Protocols like Raft, Paxos, and ZAB (quorum protocols behind etcd, Chubby, and ZooKeeper respectively) all fit this category.
The way failures happen and are detected is important to a bunch of algorithms. The following are the most commonly used ones:
First, Fail-stop failures mean that if a node encounters a problem, everyone can know about it and detect it, and can restore state from stable storage. This is easy mode for theory and protocols, but super hard to achieve in practice (and in some cases impossible)
Crash failures mean that if a node or agent has a problem, it crashes and then never comes back. You are either correct or late forever. This is actually easier to design around than fail-stop in theory (but a huge pain to operate because redundancy is the name of the game, forever).
Omission failures imply that you give correct results that respect the protocol or never answer.
Performance failures assumes that while you respect the protocol in terms of the content of messages you send, you will also possibly send results late.
Byzantine failures means that anything can go wrong (including people willingly trying to break you protocol with bad software pretending to be good software). There's a special class of authentication-detectable byzantine failures which at least put the constraint that you can't forge other messages from other nodes, but that is an optional thing. Byzantine modes are the worst.

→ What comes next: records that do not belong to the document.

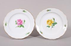 Paar (Wand-)Teller, Meissen, Form "Neuer Ausschnitt", Dekor "Rote und gelbe Rose", 20. Jh.
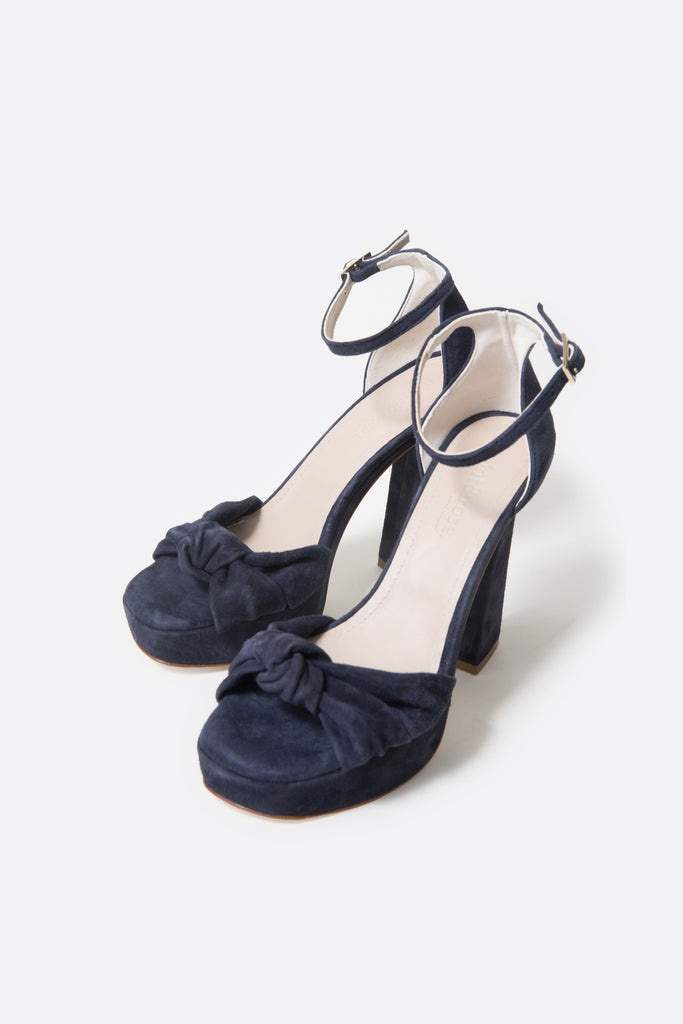 Lo que más nos gusta: su piel de ante color azul marino muy oscuro.
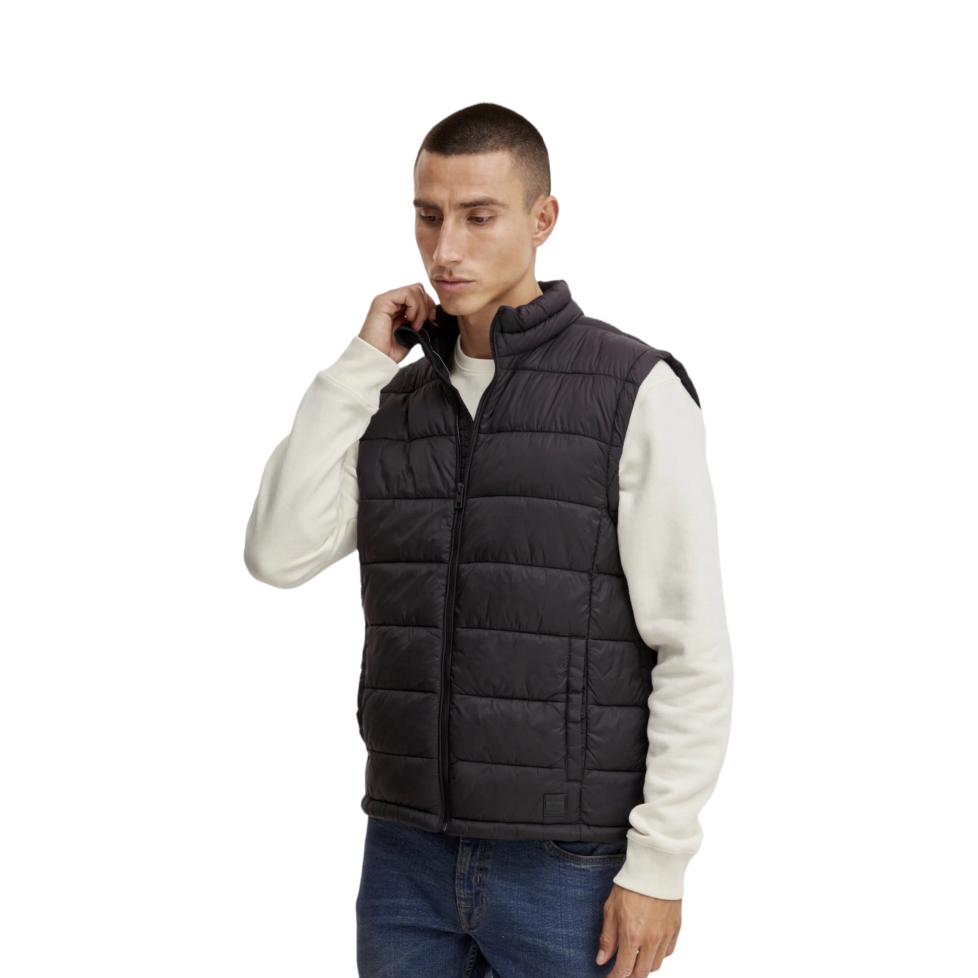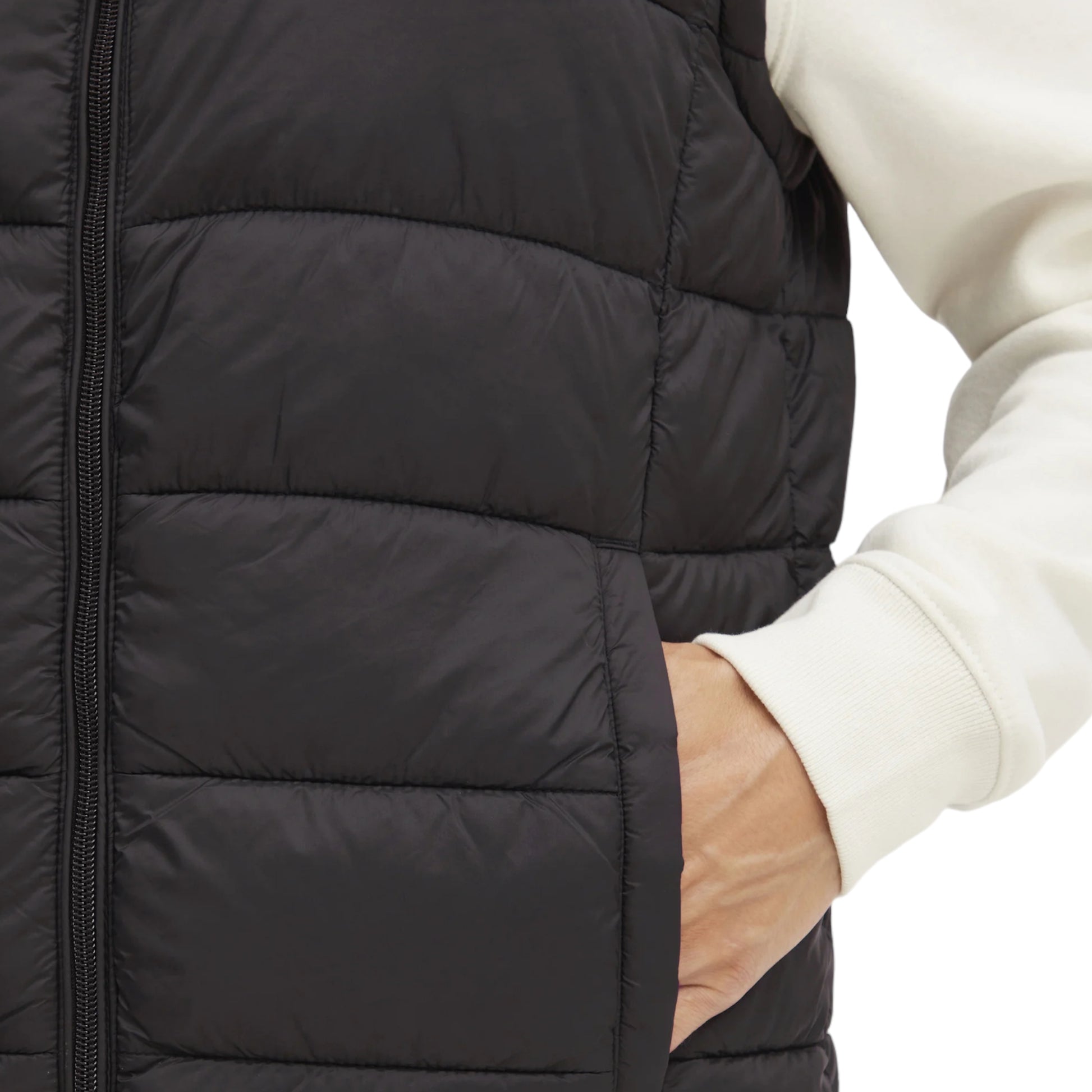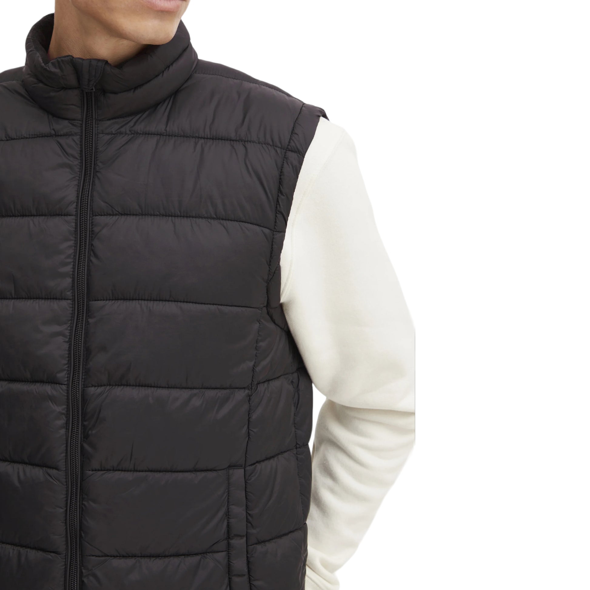 Piumino smanicato con chiusura a zip.

By default, most distributed system theory assumes that there are no bad actors or agents that are corrupted and willingly trying to break stuff, and byzantine failures are left up to blockchains and some forms of package management.
Most modern papers and stuff will try and stick with either crash or fail-stop failures since they tend to be practical.
See this typical distsys intro slide deck for more details.
This is one of the core problems in distributed systems: how can all the nodes or agents in a system agree on one value? The reason it's so important is that if you can agree on just one value, you can then do a lot of things.
The most common example of picking a single very useful value is the name of an elected leader that enforces decisions, just so you can stop having to build more consensuses because holy crap consensuses are painful.
Variations exist on what exactly is a consensus, including does everyone agree fully? (strong) or just a majority? (t-resilient) and asking the same question in various synchronicity or failure models.
Note that while classic protocols like Paxos use a leader to ensure consistency and speed up execution while remaining consistent, a bunch of systems will forgo these requirements.
Stands for Fischer-Lynch-Patterson, the authors of a 1985 paper that states that proper consensus where all participants agree on a value is unsolvable in a purely asynchronous model (even though it is in a synchronous model) as long as any kind of failure is possible, even if they're just delays.
It's one of the most influential papers in the arena because it triggered a lot of other work for other academics to define what exactly is going on in distributed systems.
Following FLP results, which showed that failure detection was kind of super-critical to making things work, a lot of computer science folks started working on what exactly it means to detect failures.
This stuff is hard and often much less impressive than we'd hope for it to be. There are strong and weak fault detectors. The former implies all faulty processes are eventually identified by all non-faulty ones, and the latter that only some non-faulty processes find out about faulty ones.
Then there are degrees of accuracy:
You can possibly realize that a strong and fully accurate detector (said to be perfect) kind of implies that you get a consensus, and since consensus is not really doable in a fully asynchronous system model with failures, then there are hard limits to things you can detect reliably.
This is often why semi-synchronous system models make sense: if you treat delays greater than T to be a failure, then you can start doing adequate failure detection.
See this slide deck for a decent intro
The CAP theorem was for a long while just a conjecture, but has been proven in the early 2000s, leading to a lot of eventually consistent databases.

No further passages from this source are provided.